Former CPSL, and Erin Mills Eagles coach Josef Komlodi was appointed the franchise's first head coach. Komlodi acquired the likes of Canadian internationals Andrew Ornoch, Dave Simpson. He also signed notable Erin Mills alumni Igor Pisanjuk, Joey Melo, Joevannie Peart, David Guzman, Gabe Gala, and CSL veteran Thierry Mangwa-Batomen. The club's home venue was located at Hershey Field, and Dave Simpson served as the team captain.

The club made its CSL debut on May 8, 2011, in a match against TFC Academy, where Mississauga came out with a 2–1 victory.

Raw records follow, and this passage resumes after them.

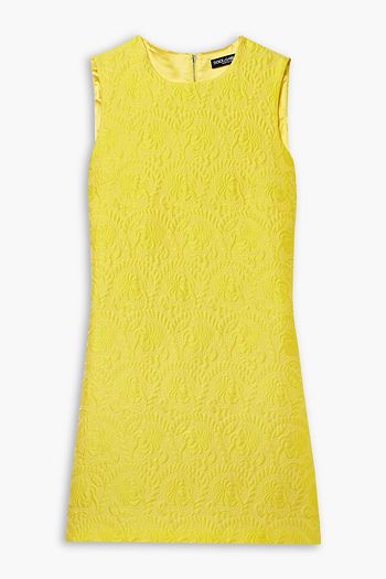 Lace-trimmed floral-print cotton-blend velvet mini dress
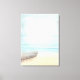 Canvas print with a beautiful rustic image. Subtle colors of light blue, sandy brown and gentle white. A beach scene with a boat on the shore with a fishing net hanging off the side. An elegant shabby look.
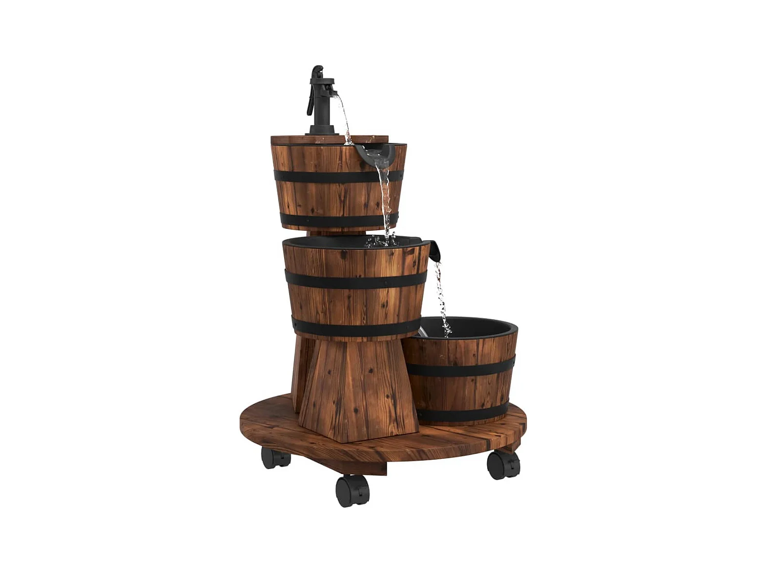 vidaXL Fuente de agua con bomba y ruedas madera de abeto 55x55x80 cm Marrón
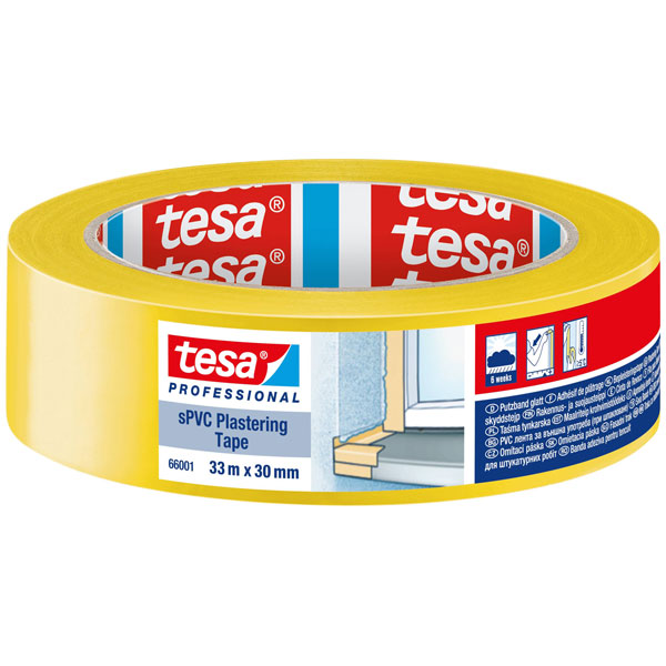 The tesa® Professional Plastering Tape, manufactured by tesa, is a yellow PVC adhesive tape measuring 33 metres in length and 30mm in width. It features strong adhesion and excellent resistance to various weather conditions, making it ideal for outdoor use. Common applications include masking windows during painting, protecting facades, and general plastering tasks.
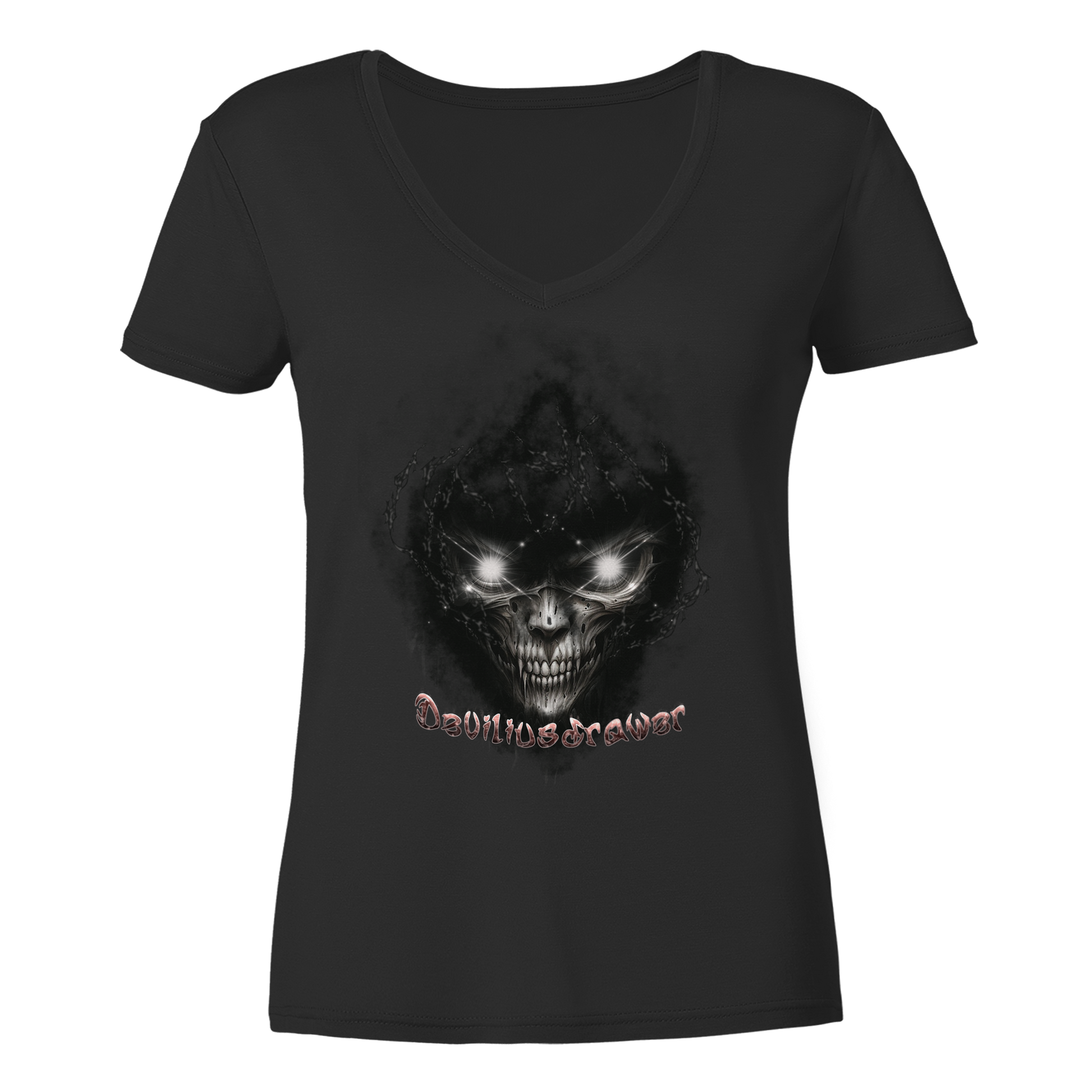 Tauche ein in die mystische Dunkelheit mit dem "Deviliusdrawer Dark Death - Ladies V-Neck Shirt". Dieses einzigartige Design vereint düstere Ästhetik mit stilvoller Eleganz. Der eindrucksvolle Totenkopf, eingebettet in ein Netz aus Schatten, lässt die Augen leuchten und zieht alle Blicke magisch an.
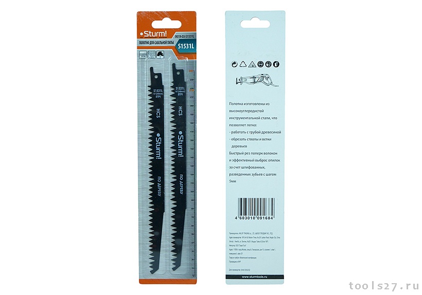Полотна для сабельных пил ДЕРЕВО 2шт 240/5мм (грубая древесина), Sturm! 9019-03-S1531L
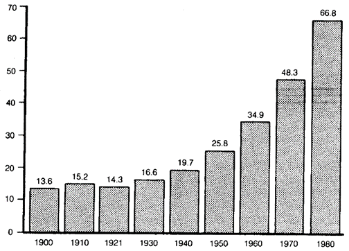 Gráfica 2. Recuentos censales de 1910 a 1980 (millones de habitantes)
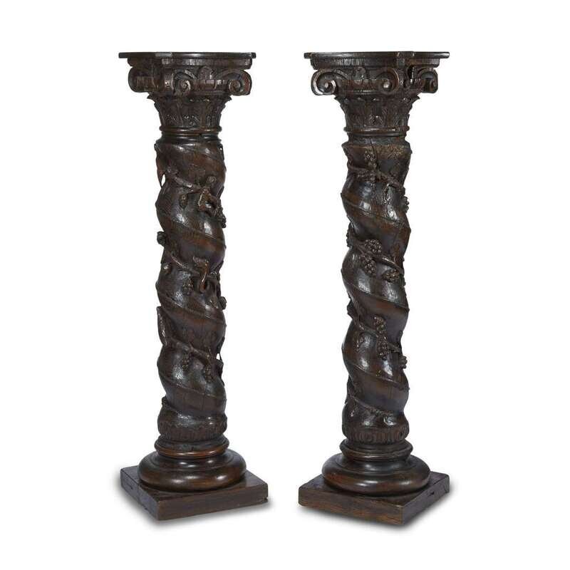 A pair of Continental carved oak Solomonic column pedestals 18th century
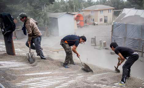 El coloso arrojó en la madrugada del jueves una columna de cenizas de unos 15 kilómetros de altura, que afectó ciudades chilenas (en la imagen, Ensenada) y argentinas, y provocó la suspensión parcial de vuelos en ambos lados de la frontera. Se informó que otras 4 mil personas fueron desalojadas de localidades cercanas. También hubo gran emisión de materiales incandescentes en medio de tormentas eléctricas y el desbordamiento del río Blanco, en la sureña región de los Lagos, a consecuencia del derretimiento de nieve Foto Ap
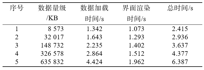 本文使用不同量级的数据对系统的响应速度进行测试,在AMD Ryzen 7 4800H with Radeon Graphics设备上进行实验。实验结果如表2所示,可以看出系统响应主要受数据加载的影响,不同量级数据的界面渲染时间相当。随着数据量增多,数据加载时间越长,但界面渲染响应都不超过2s。
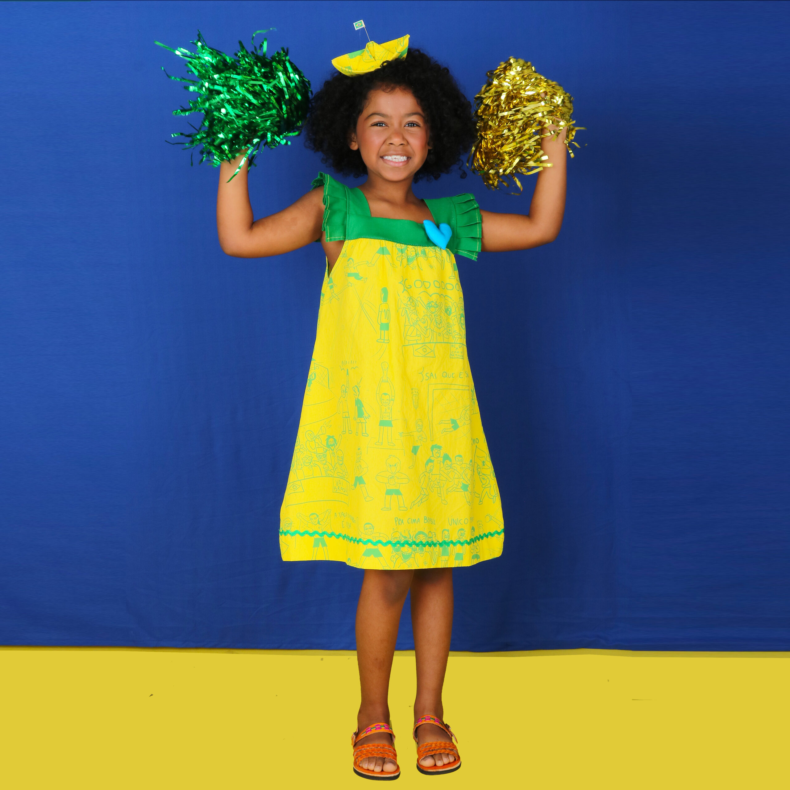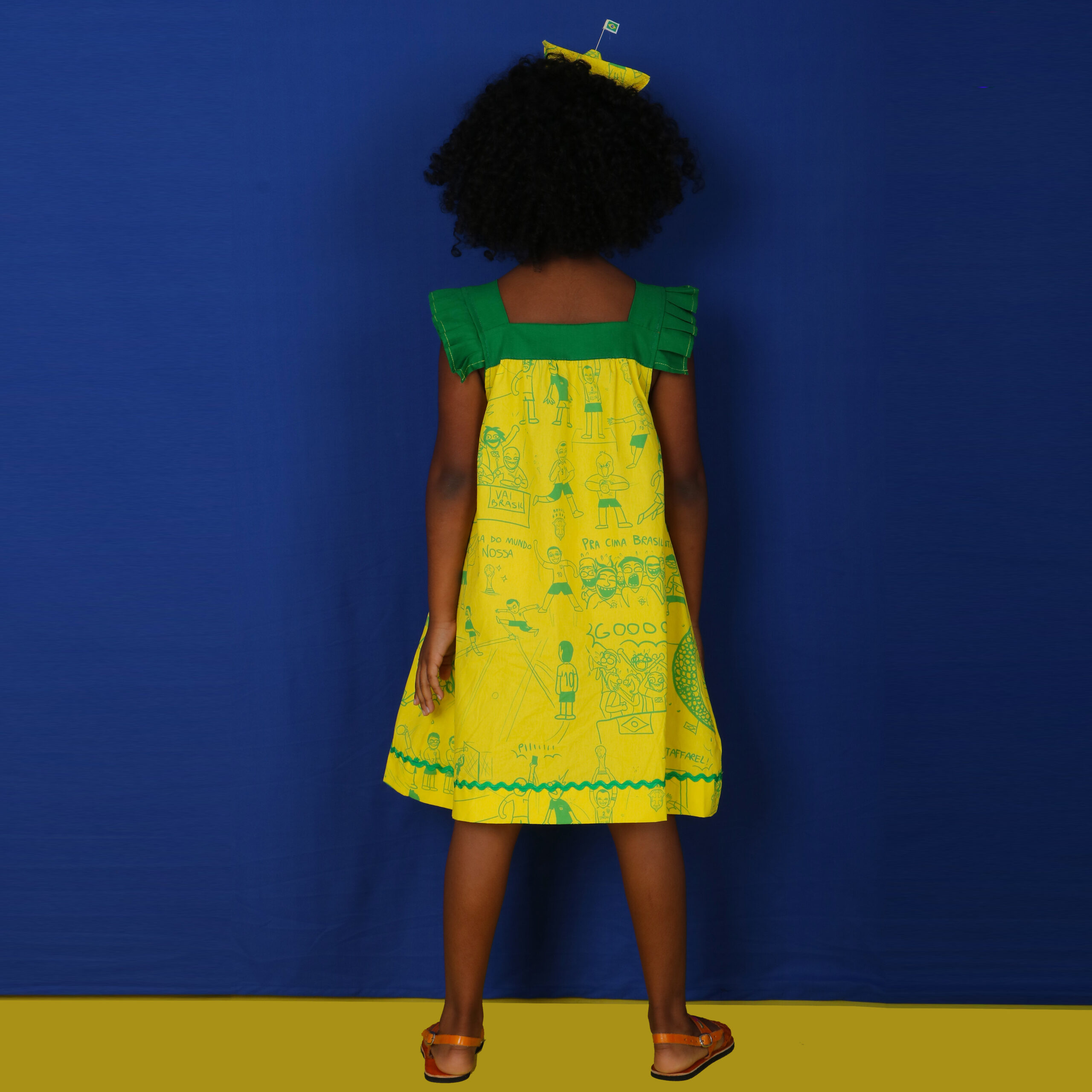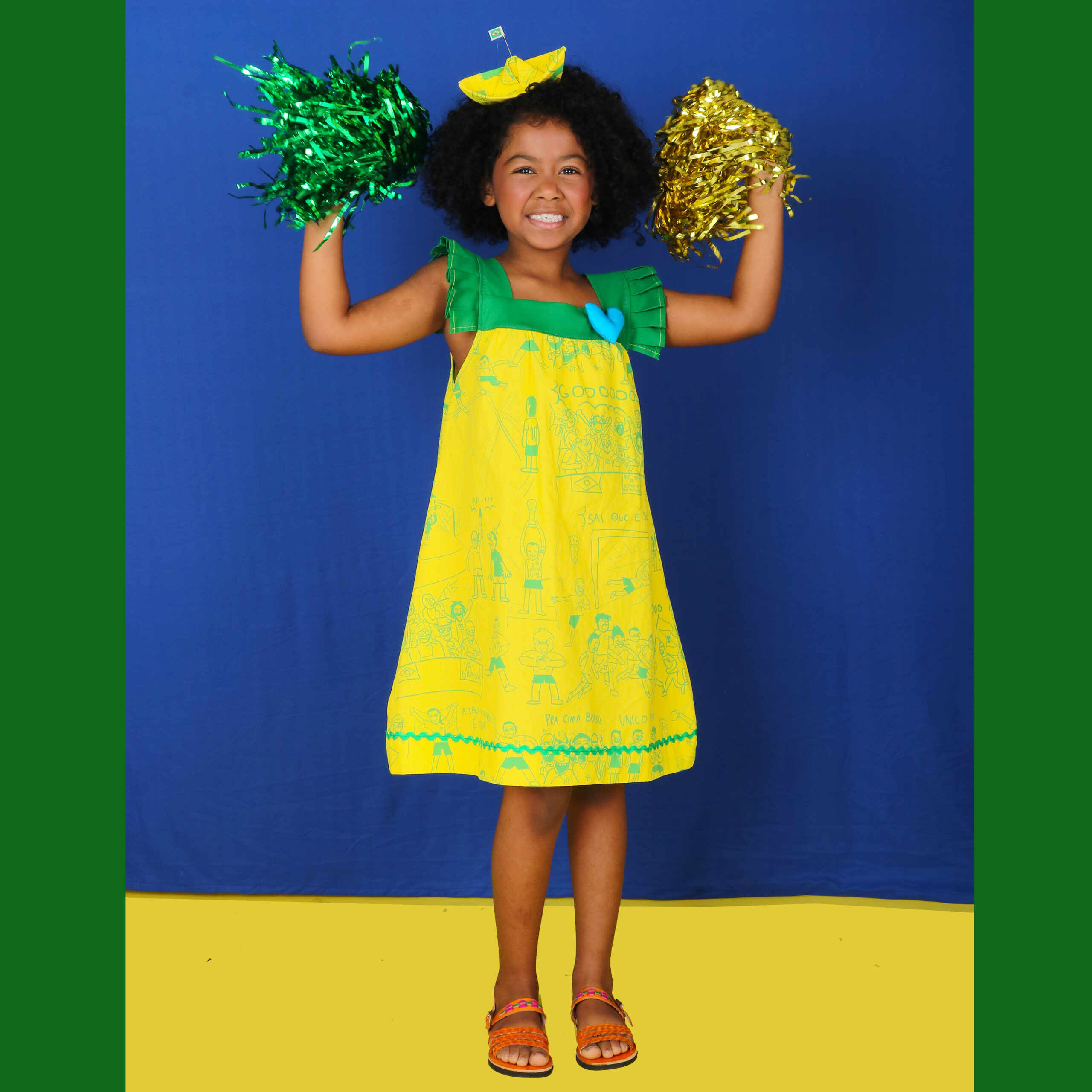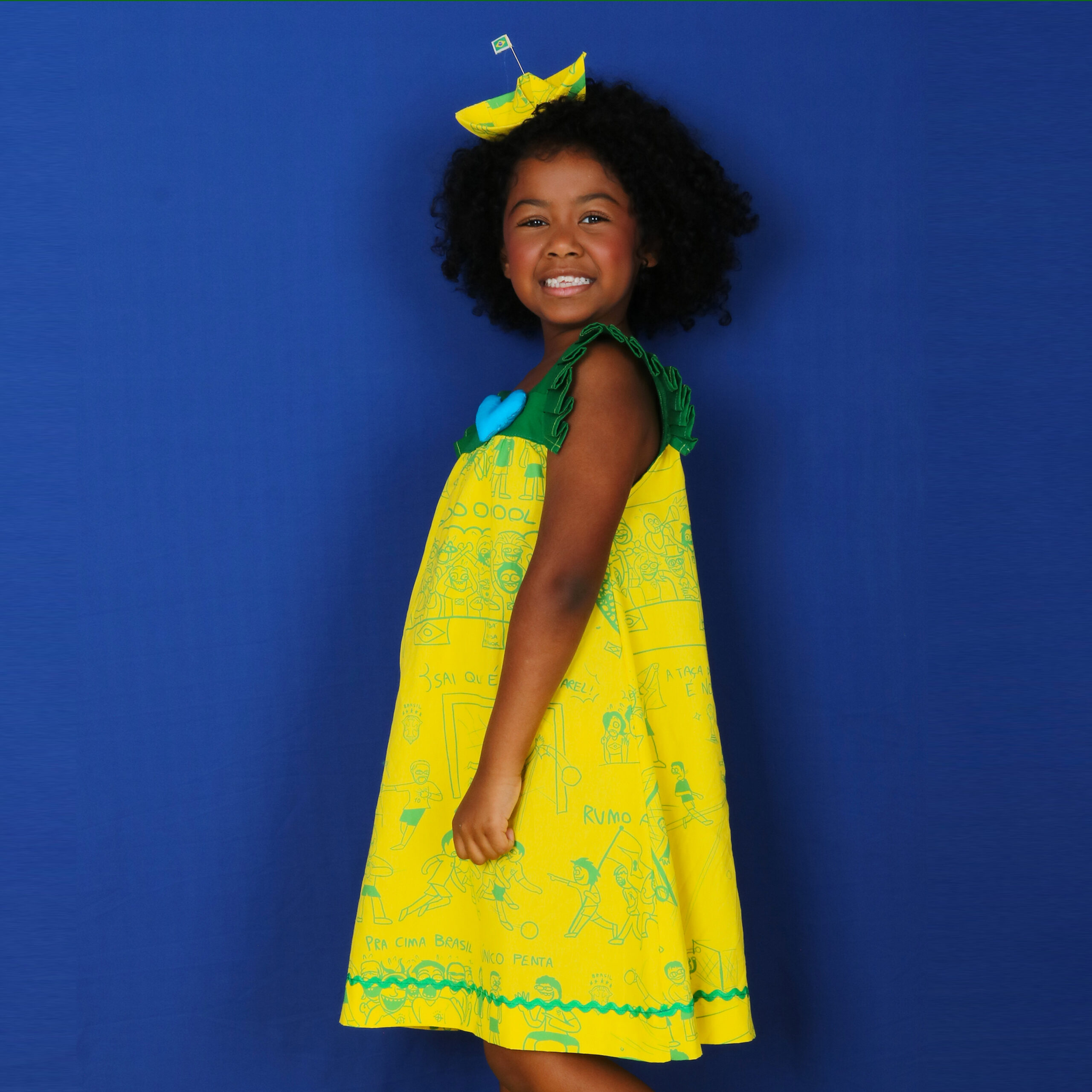 A localização de elementos da estampa no vestido pode variar de acordo com o corte do tecido.

Throughout the season, Mississauga secured a postseason berth by finishing seventh in the overall standings. Their opponents in the quarterfinals of the playoffs were Toronto Croatia, where Mississauga lost the series by a score of 8–1 on goals on aggregate. The following season the Eagles roster was radically different than from the previous year, due to many players going overseas to play in Europe. Assistant coach Alex Szczotka handled the head coach responsibilities for the 2012 season, while Komlodi served as technical director. Joey Melo was appointed the team captain for the season.

Mississauga failed to achieve their previous year success by failing to clinch the final playoff berth. In 2013 the Canadian Soccer Association de-sanctioned the CSL, and as a result Erin Mills Soccer Club decided to withdraw the Mississauga Eagles from the league.

==Head coaches==

| Years | Name | Nation |
|---|---|---|
| 2011–2012 | Josef Komlodi | Hungary |
| 2012 | Alex Szczotka | Poland |

==Year-by-year==

| Year | Division | League | Regular season | Playoffs |
|---|---|---|---|---|
| 2011 | 1 | CSL | Seventh | Quarter-finals |
| 2012 | 1 | CSL | Tenth | Did not qualify |

==See also==
- Canadian Soccer League
- Toronto Croatia
- Toronto FC
- Mississauga Eagles P.S.C.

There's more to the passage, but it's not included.